How can I do all this in 1 statement?
Is it even possible to do all this in 1 statement (I know very little about SQL)?
Can this be done in standard SQL as the database will be ported to another Database Server?
I don't know which server it will be.
In standard SQL (there may be better ways in vendor-specific implementations but I tend to prefer standard stuff where possible):
insert into mytable (
Version, Yr_Varient, Period, CoA, Company, Item, Mvt, Ptnr_Co, Investee,
FY, GC, LC
) select
Version, Yr_Varient, Period, CoA, Company, Item, Mvt, Ptnr_Co, Investee,
2011, GC*1.1, LC*1.1
from mytable
where Mvt = 60200
-- and FY = 2010
You may also want to limit your select statement a little more depending on the results of your testing, such as uncommenting the and FY = 2010 line above to stop copying all your 2009 and 2008 data as well, if any.
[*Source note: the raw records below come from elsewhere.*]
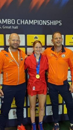Eerste Nederlandse vrouw die Europees kampioenschap Sambo wint.
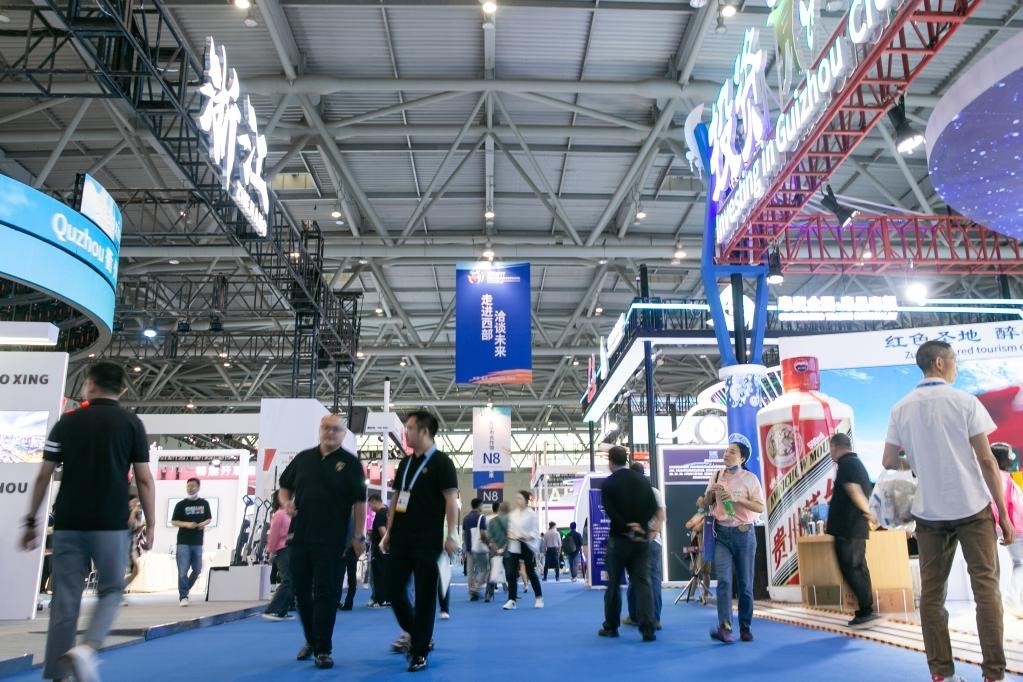 18日,觀眾從“西洽會”重慶館前走過。新華社記者黃偉 攝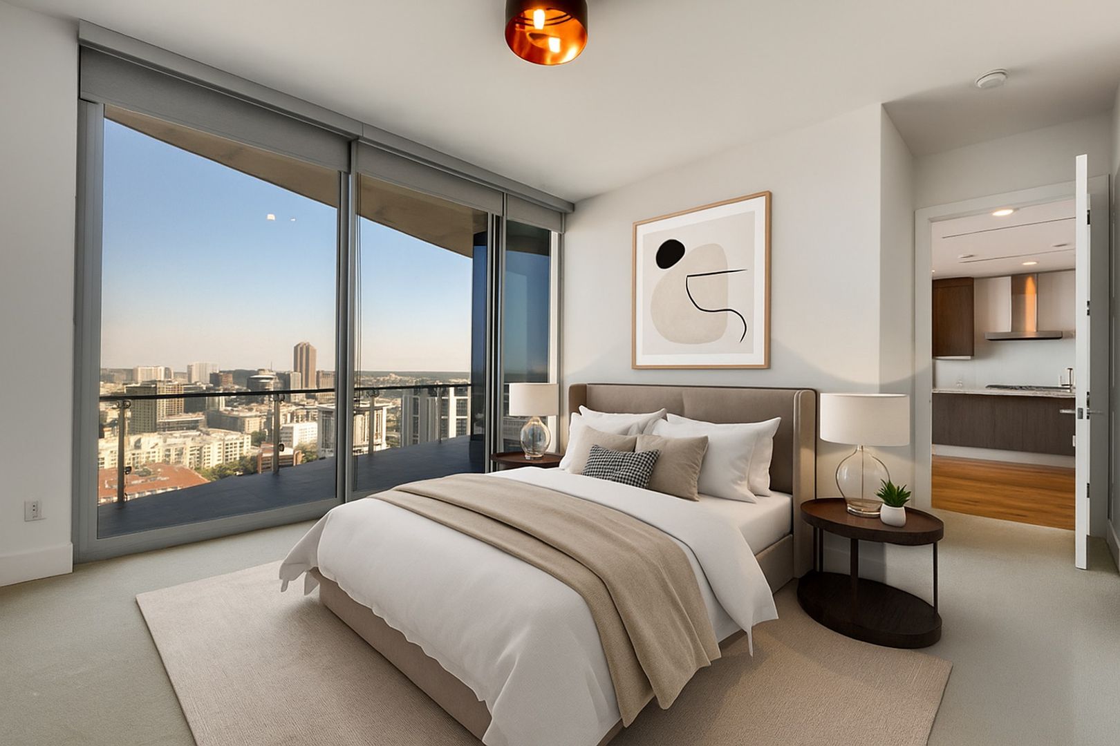 Luxury 26th-floor condo in the Bleu Ciel buildinb. 2 bedrooms, 2.5 baths, 1,527 sq ft, private 2-car garage, cover flows to the balcony with an outdoor fireplace. Gourmet kitchen, top-tier finishes, and premier amenities in Dallas’s Harwood District.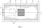 In oneembodiment fan36 comprises a centrifugal fan design, or alternatively, a backward curved blade design. Depending on the size of pet bed platform to be filtered, the CFM should change. Most animal housing for pets would be in a range of 80 to 250 CFM, though larger pet bed platforms may require use of a 220 to 2000 CFM fan design. The noise level is preferably between about 20 to 60 db to be pleasant for the animal. In the illustrated embodiment,fan36 is a centrifugal fan with 165 CFM rating. The fan size is 4″ deep and 9″ diameter, this can be smaller or larger depending on RPM of the fan and how quiet it operates.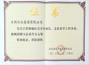 ·2016年8月24日,山東省青少年發(fā)展基金會為興業(yè)集團頒發(fā)“關(guān)注貧困地區(qū)青少年成長,支持希望工程事業(yè),慷慨捐贈人民幣3萬元”榮獲證書。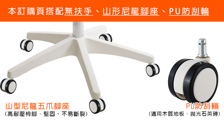 本訂購頁規格:無頭枕、無扶手、山型尼龍腳、PU防刮輪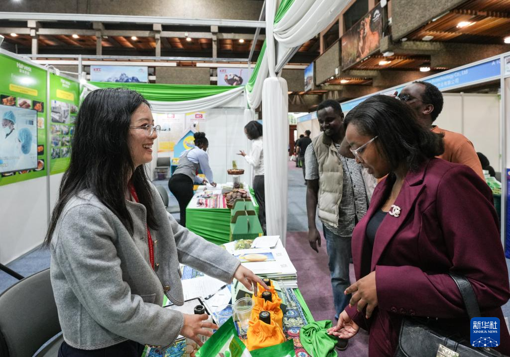 10月28日,在肯尼亚首都内罗毕举行的2025非洲国际农业博览会上,展商向来宾介绍产品。

I asume you only wanted to carry forward the previous year's stuff with a 10% increase on GC and LC.
The way this works is to run the select which gives modified data for FY, GC and LC as per your request, and pump all those rows back into the insert.
insert into mytable (
Version,Yr_Varient,FY,Period,CoA,Company,Item,Mvt,Ptnr_Co,Investee,GC,LC)
SELECT Version ,Yr_Varient,"2011" as FY, Period, CoA, Company , Item , Mvt ,Ptnr_Co , Investee , GC*1.1 as GC, LC*1.1 as LC FROM <table Name>
WHERE Mvt = 60200
INSERT INTO _table_
(Version,
Yr_Varient,
FY,
Period,
CoA,
Company,
Item,
Mvt,
Ptnr_Co,
Investee,
GC,
LC)
SELECT
Version,
Yr_Varient,
2011,
Period,
CoA,
Company,
Item,
Mvt,
Ptnr_Co,
Investee,
GC * 1.1,
LC * 1.1
FROM
_table_
WHERE
Mvt = 60200
AND FY <> 2011
This statement should work in any SQL-Database.
Edit: Too slow